EU export regulations. The goods subject to this transaction may be subject to EU export control regulations and local regulations that restrict the export and re-export of certain sensitive products and the technology where this is delivered and used: the customer must comply with all these laws. Parts must not be sold, leased or transferred to end users or restricted countries or to users who are implicated in weapons of mass destruction or genocide. By receiving these parts you agree that you are legally responsible for the use and distribution of such parts in accordance with EU export control regulations and that you will comply with the aforementioned regulations, including a prohibition on selling or distributing the parts to parties. or end users affected by restrictions as described in the EU export regulations and you will obtain all necessary export licenses or authorizations that may be required in case the parts are sold to parts or exported to countries for which a license or authorization.

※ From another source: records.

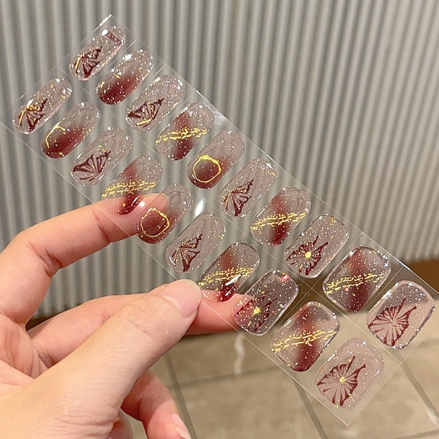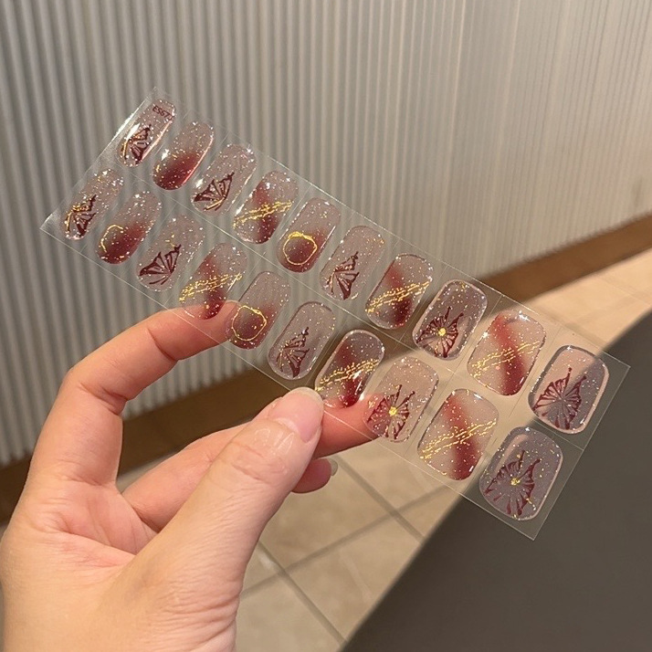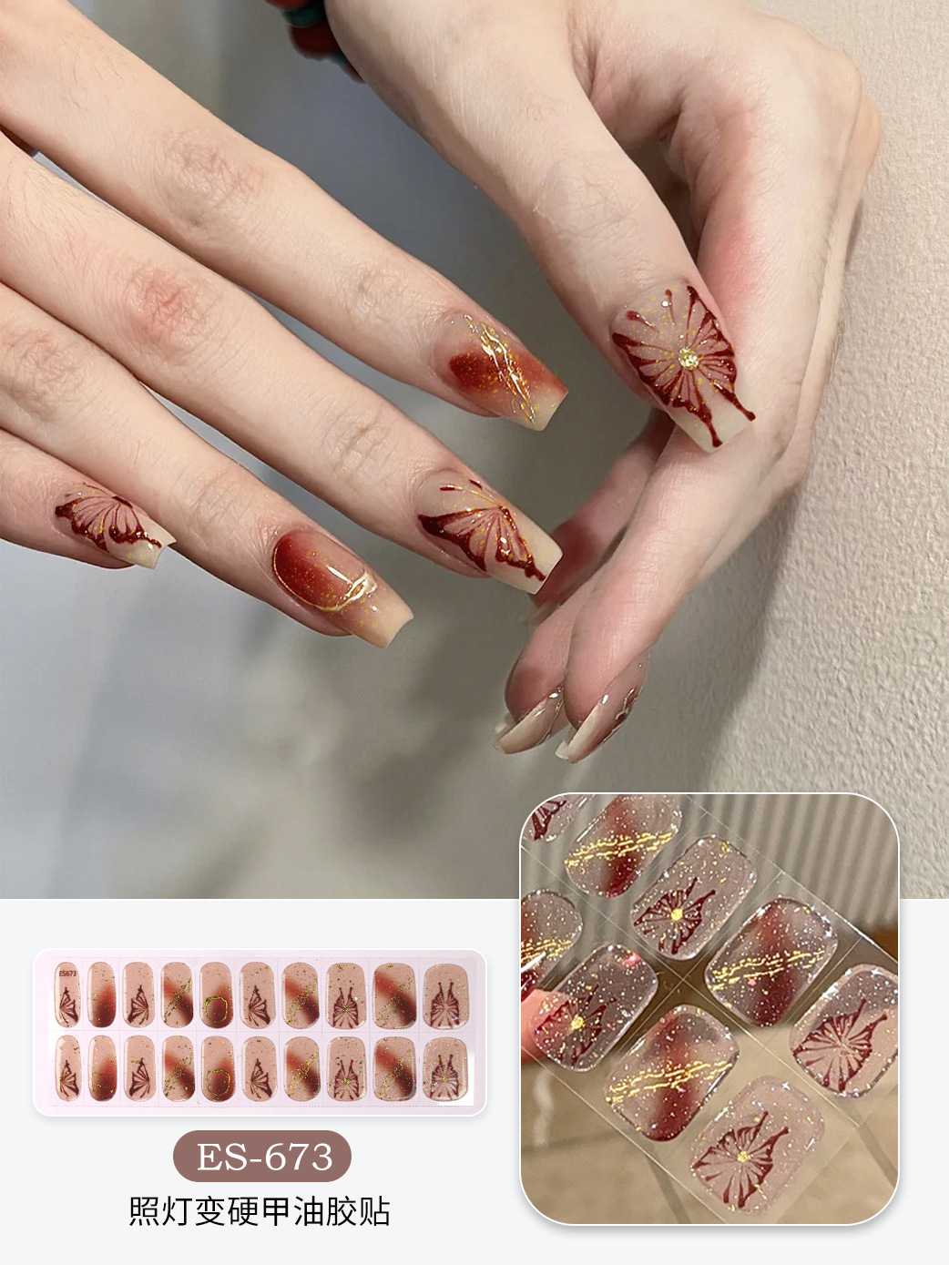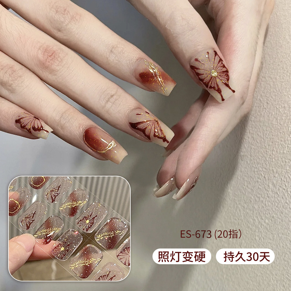 【ES673】20指半固化凝胶uv半烤美甲贴指甲贴片照灯变硬
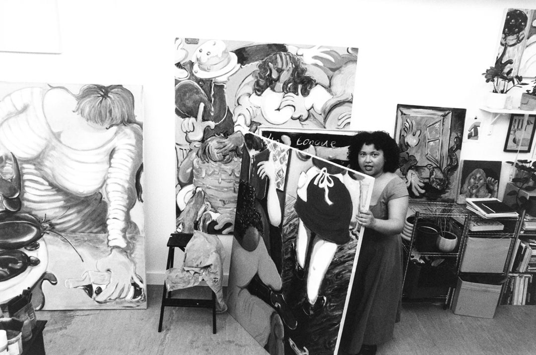 In the vibrant, unsettling world of Olivia Sterling, laughter and pain walk hand in hand. Her paintings, with their bright surfaces and flat, confident lines, peel back the comforts of everyday life to reveal the deep, persistent absurdities of race, identity, and oppression.
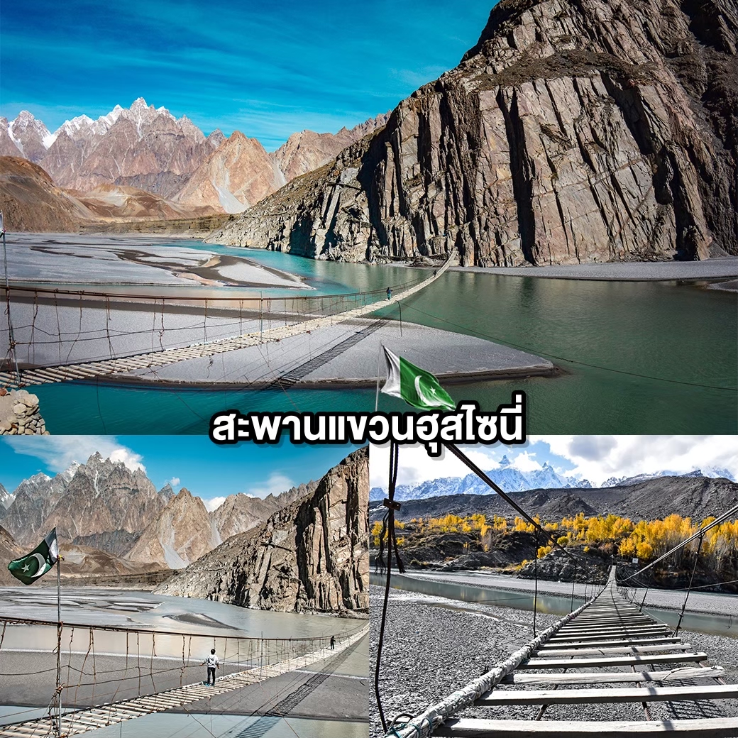 สะพานแขวนฮุดไซนี่ (Hussaini Hanging Bridge) ตั้งอยู่ในหมู่บ้านฮุดไซนี่ ในหุบเขาฮุนซา ปากีสถาน เป็นหนึ่งในสะพานแขวนที่น่าหวาดเสียวที่สุดในโลก สะพานนี้ทำจากไม้และเชือกที่ขึงข้ามแม่น้ำฮุนซา โดยมีช่องว่างกว้างระหว่างแผ่นไม้ ทำให้การเดินข้ามสะพานเต็มไปด้วยความตื่นเต้นและท้าทาย วิวทิวทัศน์ของแม่น้ำและภูเขาที่ล้อมรอบทำให้สะพานนี้ดึงดูดนักท่องเที่ยวที่รักการผจญภัย นอกจากนี้ สะพานฮุดไซนี่ยังเป็นสัญลักษณ์ของวิถีชีวิตในพื้นที่ห่างไกล ที่ผู้คนใช้สะพานนี้ในชีวิตประจำวัน

Sale of weapons and essential components of weapons. Blue Series Srl, in accordance with the Legislative Decree 104/2018 of 10 August 2018, published in the official gazette on 08/09/2018, which transposes Directive (EU) 2017/853 of the European Parliament and of the Council of 17 May 2017, amending Directive 91/477 / EEC of Council, relating to the control of the acquisition and possession of weapons, which entered into force on 14.06.2018, does not fall into the category “gunsmiths” and therefore cannot produce and / or trade weapons and / or essential components of weapons.
With the order confirmation, the Buyer represents and guarantees to the Seller that the goods subject to this transaction do not fall within the scope of the aforementioned legislation.
Tools. The Seller may not use the customer’s tools or software in the production of goods for any other customer of the Seller without the express consent of the Buyer. As is customary in this section, “customer tools or software” means tools or software developed specifically for the Buyer and for which the Buyer is charged a separate fee by the Seller.
Current law; Jurisdiction. The rights and obligations of the Seller and the Buyer relating to this contract are governed by Italian law (without regard to principles of conflict of laws). The United Nations Convention on Contracts for the International Sale of Goods does not apply to this transaction. Any cause, action or other legal proceeding deriving from this transaction or related to it must be judged in the court of Ascoli Piceno. The Seller and the Buyer accept the jurisdiction of such court for any cause, action or proceeding and waive any objection that may arise from assigning the jurisdiction of such suit, action or proceeding to any of these courts and any request that such cause , action or proceeding is assigned to a non-competent court.